Having designed not one, but three ways of presenting information about lemma and grammar of a word, I am beginning to ask myself how useful this information actually is for a learner. This question calls for experimental research. Would a group with access to our publications be more successful at learning the language, or translating a text, than a group relying on their memory and the dictionary?

Intuition suggests that perhaps a treebank, even one without any labels for word functions in sentences, could be more useful for human understanding than a thorough description of morphology and lexicon (decoding morphology is, by the way, the activity most intensely practised in teaching historical languages today – how did it work for you?).

Ambiguities of grammar and lemmatization

Annotating every last word in a Greek sentence was a challenging enterprise. It was challenging, however, in unexpected places.

The students’ work had to be corrected in points which we either never consider (because they are not important for understanding of the sentence), or which bring to our understanding only very fine shades of meaning: for example, having to decide whether an article, a pronoun, or a participle in genitive or dative is masculine or neuter; having to say whether a “particle” is an adverb or a conjunction.

Some solutions in Arethusa go against the scholarly instinct, such as when an adverb is by default categorized as an adjective (χαλεπῶς as a form of χαλεπός; the adverbs ending in -ον further complicate the issue). Historically, I think, the basis for lemmata in Arethusa was the wordlist of LSJ; there, economically, the adverbs were described under adjectives. Of course, it is possible to create our own lemmata if we’re not satisfied with Arethusa’s defaults; still, the current situation somehow challenges the patience of a grammarian.
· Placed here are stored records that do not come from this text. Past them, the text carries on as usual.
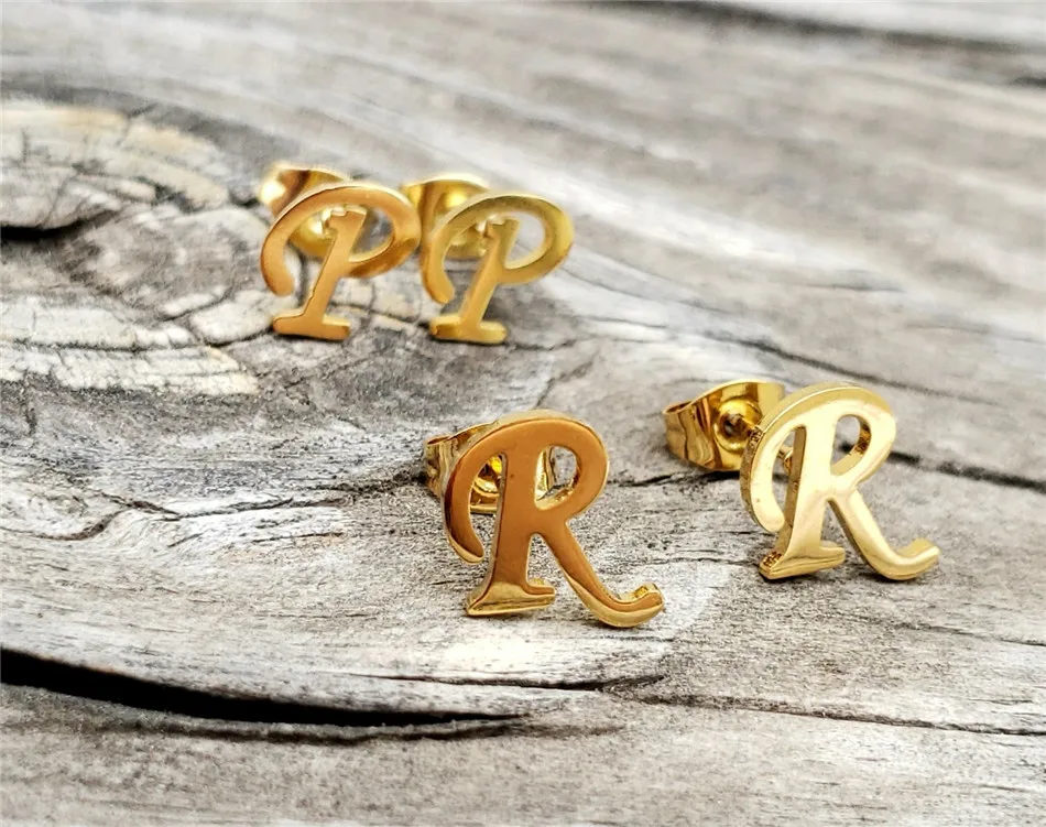 Оптовые серьги-гвоздики с буквами, золотые серьги-гвоздики из нержа...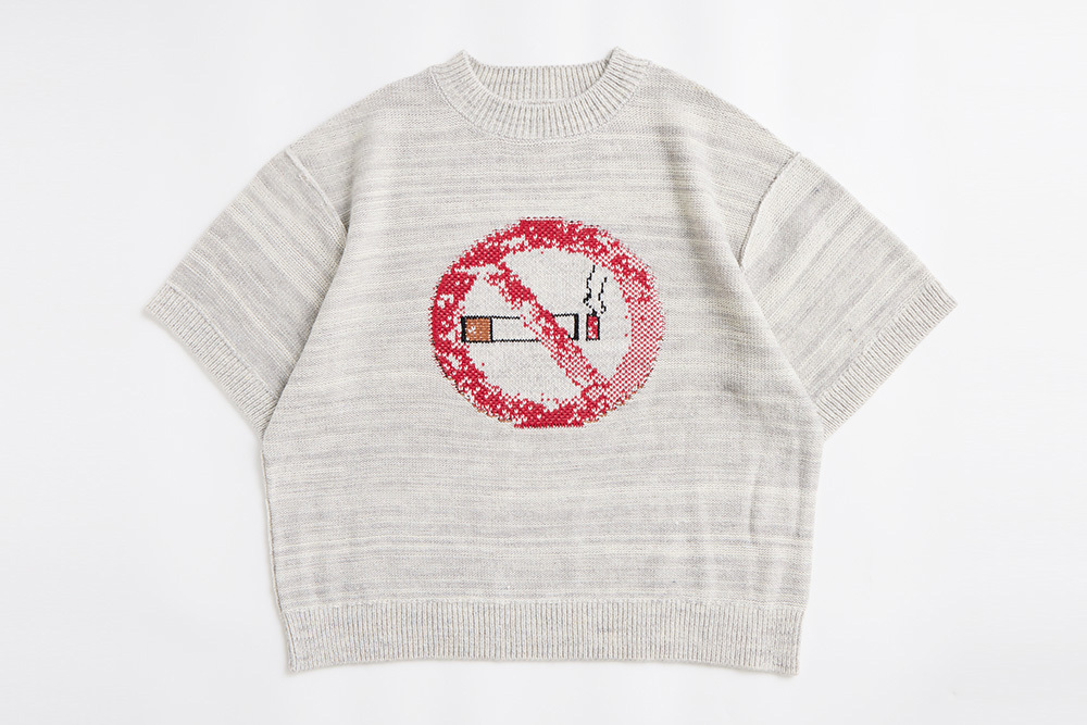 Non-Smoking Here Short-sleeves Knit Top Gray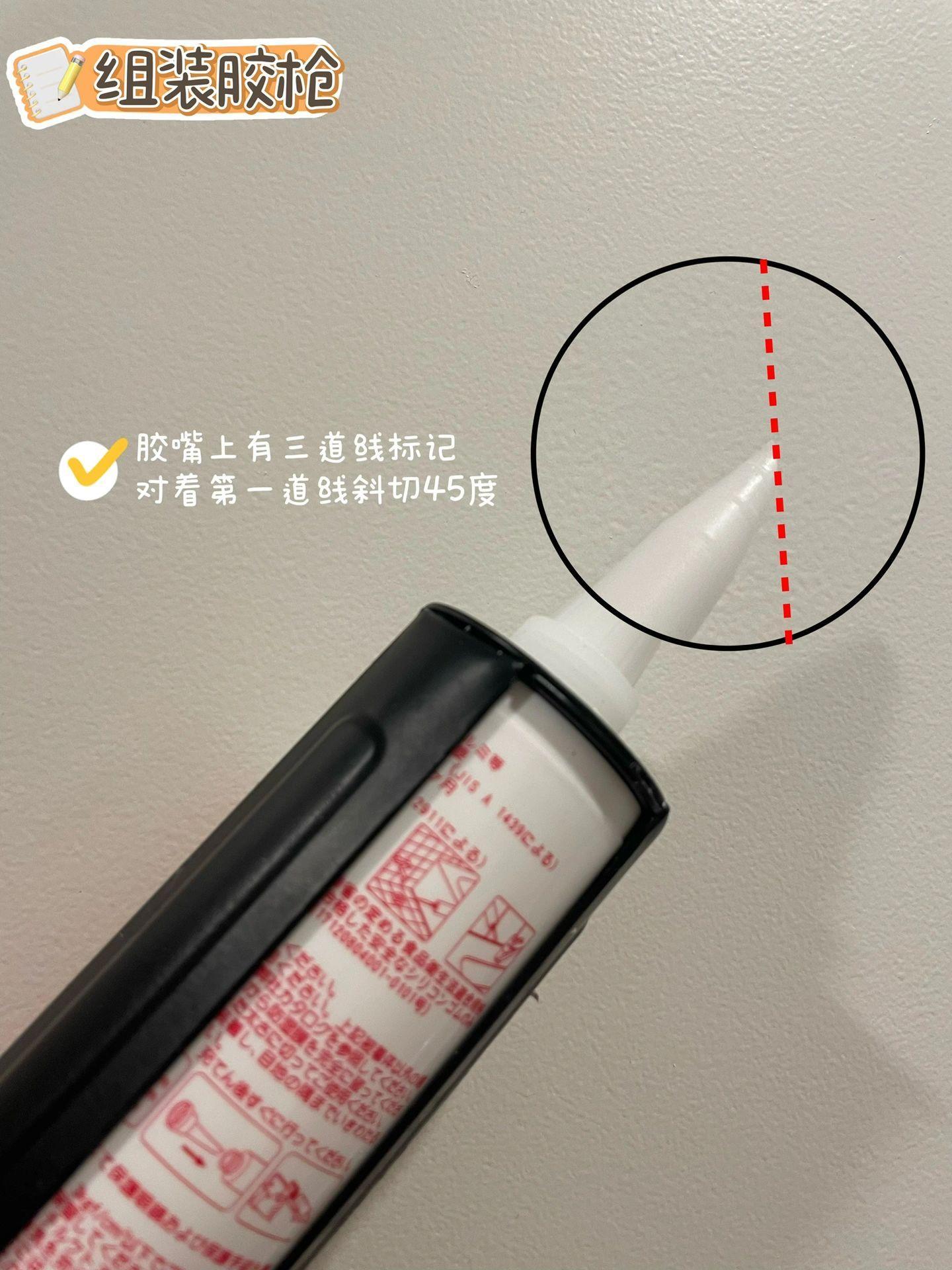 接着是組裝膠槍,在切割膠嘴時,儘量從第一道標記處斜向上45度切開。

Something similar can be said for lemmata. To be able to choose between ἄν1 and ἄν2 (as offered by the lemmatizer in Arethusa) we have to know what is represented by the respective index number (luckily, here we can rely on Logeion or on Christopher Blackwell’s CEX edition of LSJ). In general, lemmatization of Greek is, I believe, a serious issue that requires a robust general solution. There is also a political side to such a solution – it would only work if it is supported by communities influential in classical philology and classical studies in general. But more about that elsewhere.